── DATA SECTION

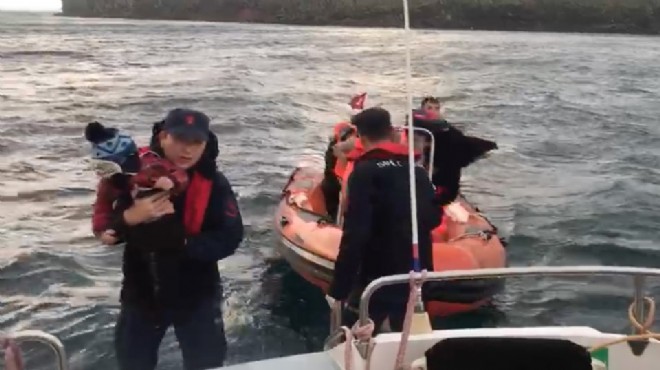 Sahil güvenlik unsurları, aralarında kadın ve çocukların da bulunduğu 44 kişiyi kurtararak Ayvalık Limanı'na getirdi.
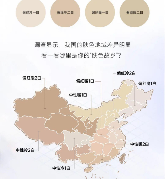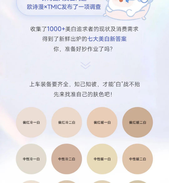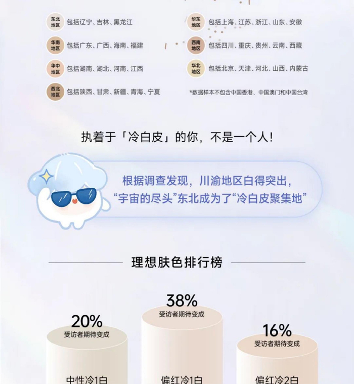 欧诗漫×TMIC千人问卷调研发现,不同区域肤色不同,但是对于“白”的追求是一致的,“冷1白”是多数消费者的“梦中情肤”。
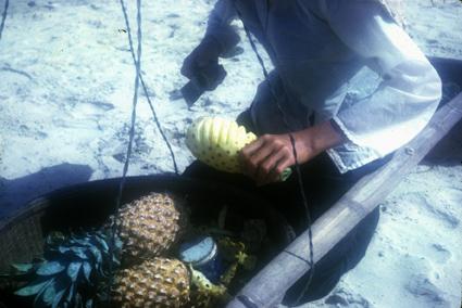 The artistic the way the female vendors peel the pineapples they sell for 35 cents each.
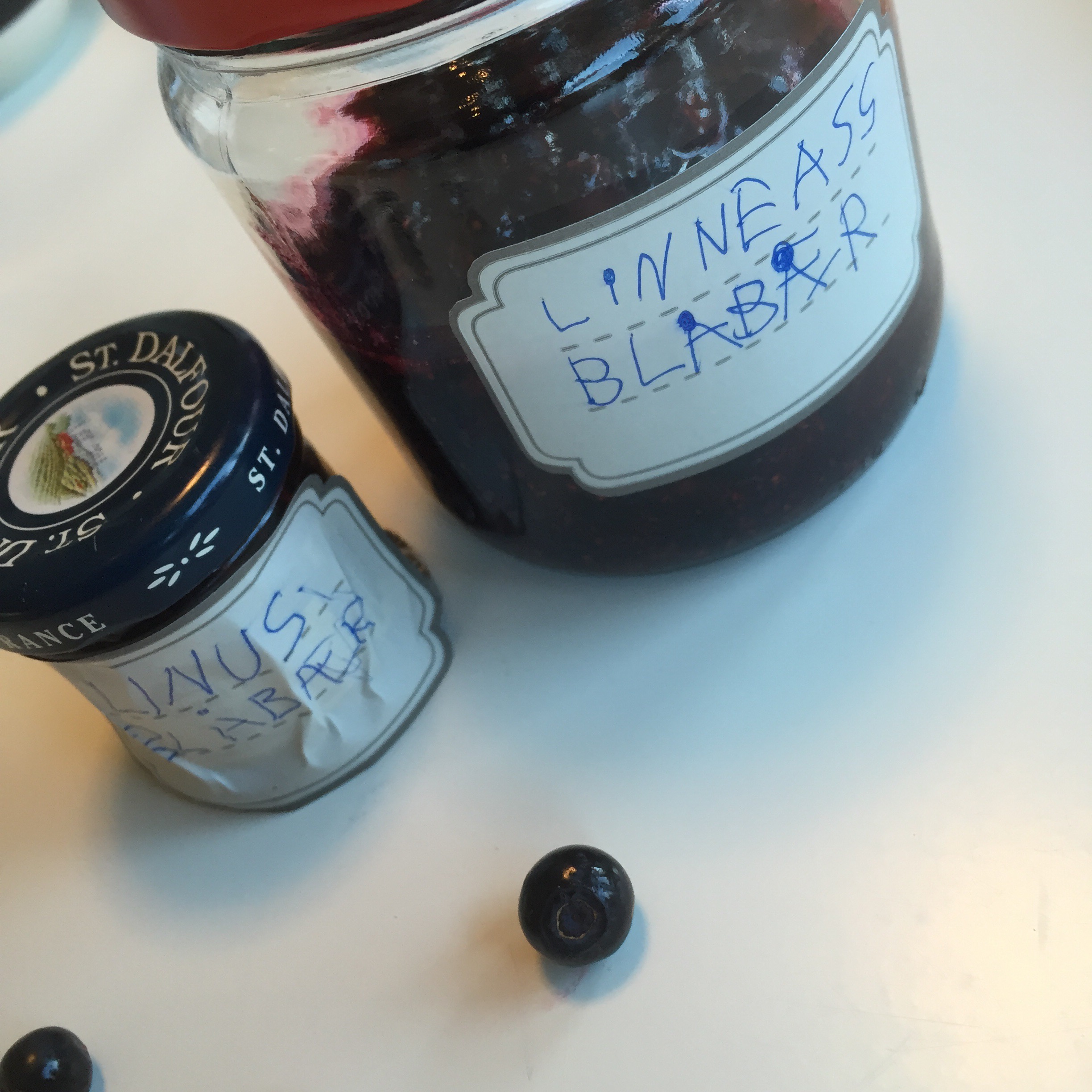 Omsider ble blåbæra moden i Trondheim også. I år har barna lagd sitt eget blåbærsyltetøy av egenplukket bær. Jeg har testet å kjøre bær og sukket i blenderen. Rørt blåbær uten hele bær ble bra det også. Enkelt og veldig kjapt.
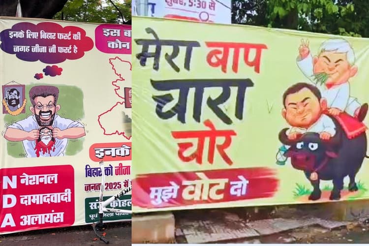 वहीं, एनडीए समर्थकों की ओर से भी पलटवार हुआ है. एक पोस्टर में राजद सुप्रीमो लालू यादव को भैंस पर बैठे और मुंह में चारा चबाते हुए दिखाया गया है. तेजस्वी यादव को उनके आगे बैठे दिखाया गया है. इस पर लिखा गया है- “मेरा बाप चारा चोर, मुझे वोट दो.” यह पोस्टर साफ तौर पर चारा घोटाले और वंशवाद के मुद्दे को निशाने पर लेता है.
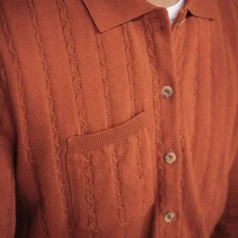 leur jeu de lignes graphiques se retrouvent dans ce tricot jersey-mousse.
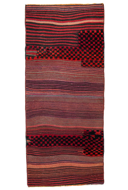 Las alforjas persas nómadas son piezas únicas de artesanía tradicional, tejidas a mano por comunidades nómadas de Irán con lana de alta calidad y tintes naturales. Originalmente diseñadas para transportar provisiones durante los viajes, su diseño incluye dos compartimentos amplios unidos por una tira central, adornados con patrones geométricos cargados de simbolismo cultural. Hoy en día, estas alforjas se han convertido en piezas decorativas versátiles, ideales como elementos decorativos o alfombras, que aportan un toque bohemio y auténtico a cualquier espacio, combinando funcionalidad con la rica historia del arte textil persa.

────

> _YOUR INSTRUCTIONS_
The output is the lines from the start of the data above through the line containing "Omsider ble blåbæra", unchanged, with any picture left out.

> _SOLUTION FOR THIS TASK_
 Sahil güvenlik unsurları, aralarında kadın ve çocukların da bulunduğu 44 kişiyi kurtararak Ayvalık Limanı'na getirdi.
 欧诗漫×TMIC千人问卷调研发现,不同区域肤色不同,但是对于“白”的追求是一致的,“冷1白”是多数消费者的“梦中情肤”。
 The artistic the way the female vendors peel the pineapples they sell for 35 cents each.
 Omsider ble blåbæra moden i Trondheim også. I år har barna lagd sitt eget blåbærsyltetøy av egenplukket bær. Jeg har testet å kjøre bær og sukket i blenderen. Rørt blåbær uten hele bær ble bra det også. Enkelt og veldig kjapt.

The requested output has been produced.